== GIVEN DATA ==

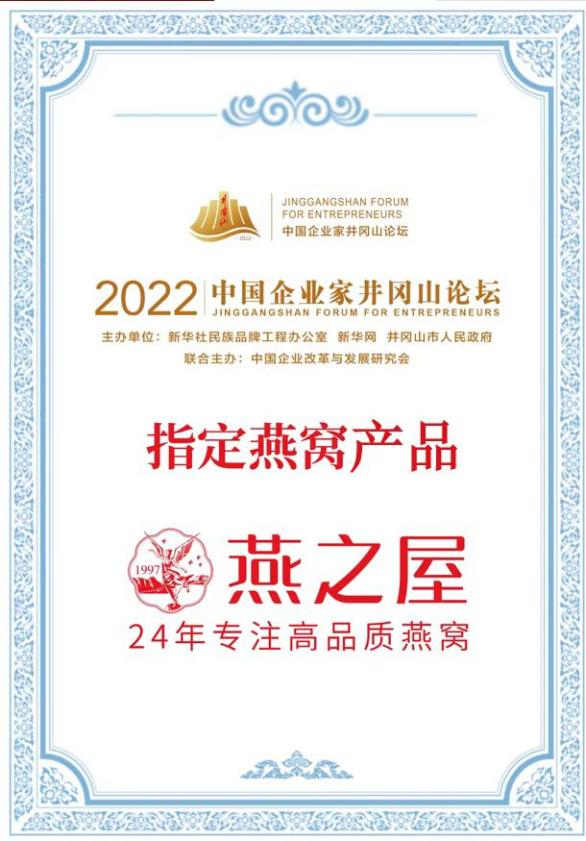 圖:燕之屋榮膺2022中國企業(yè)家井岡山論壇指定燕窩產(chǎn)品
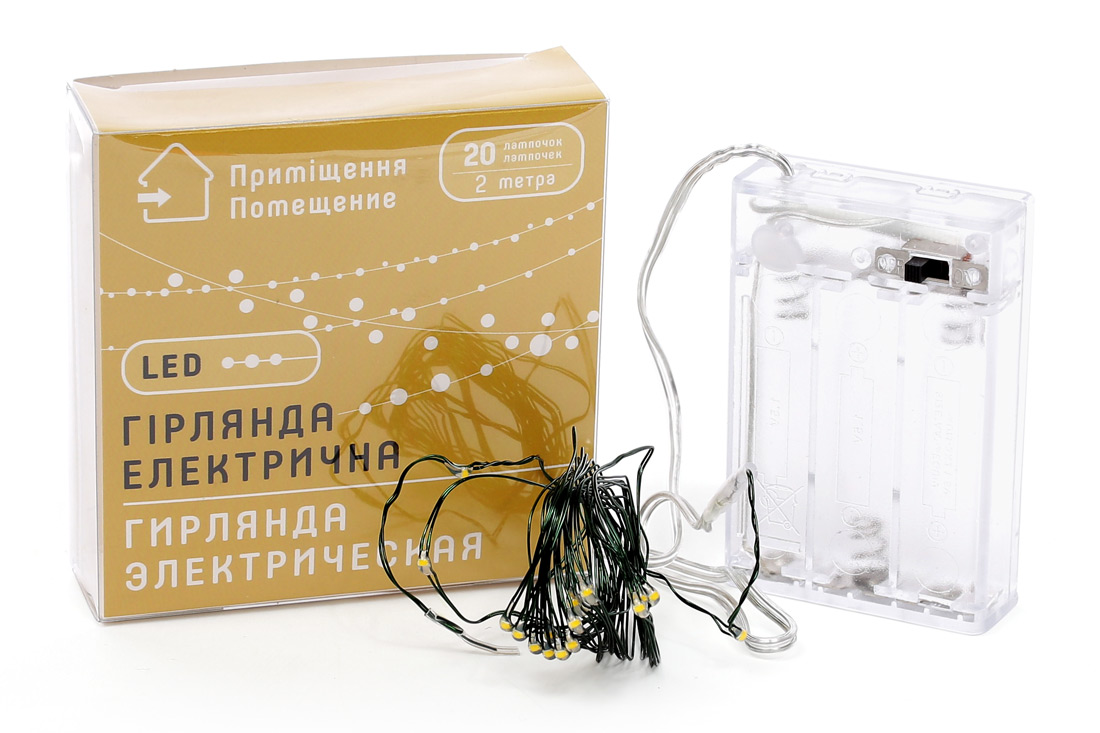 Гірлянда 20 міні-LED: 1 лінія 2 метри, 20 діодів/ нитка, колір - теплий білий, постійне світіння, адаптер на 3AA батарейках, колір дроту - зелений
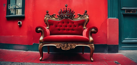 VIP throne, Red royal throne, Red royal chair against a red and black background
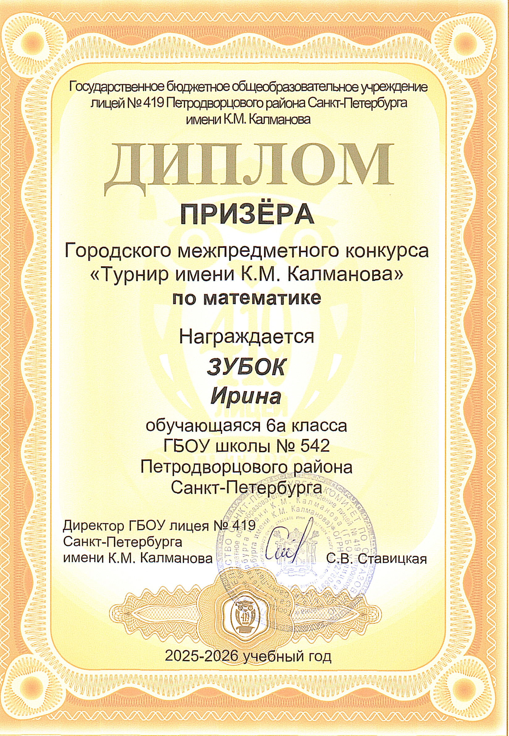 Городской межпредметный конкурс «Турнир имени К.М. Калманова» по математике

===

EXERCISE REQUIREMENTS
All the data above is to be transcribed exactly, with no pictures included.

WRITTEN SOLUTION
 圖:燕之屋榮膺2022中國企業(yè)家井岡山論壇指定燕窩產(chǎn)品
 Гірлянда 20 міні-LED: 1 лінія 2 метри, 20 діодів/ нитка, колір - теплий білий, постійне світіння, адаптер на 3AA батарейках, колір дроту - зелений
 VIP throne, Red royal throne, Red royal chair against a red and black background
 Городской межпредметный конкурс «Турнир имени К.М. Калманова» по математике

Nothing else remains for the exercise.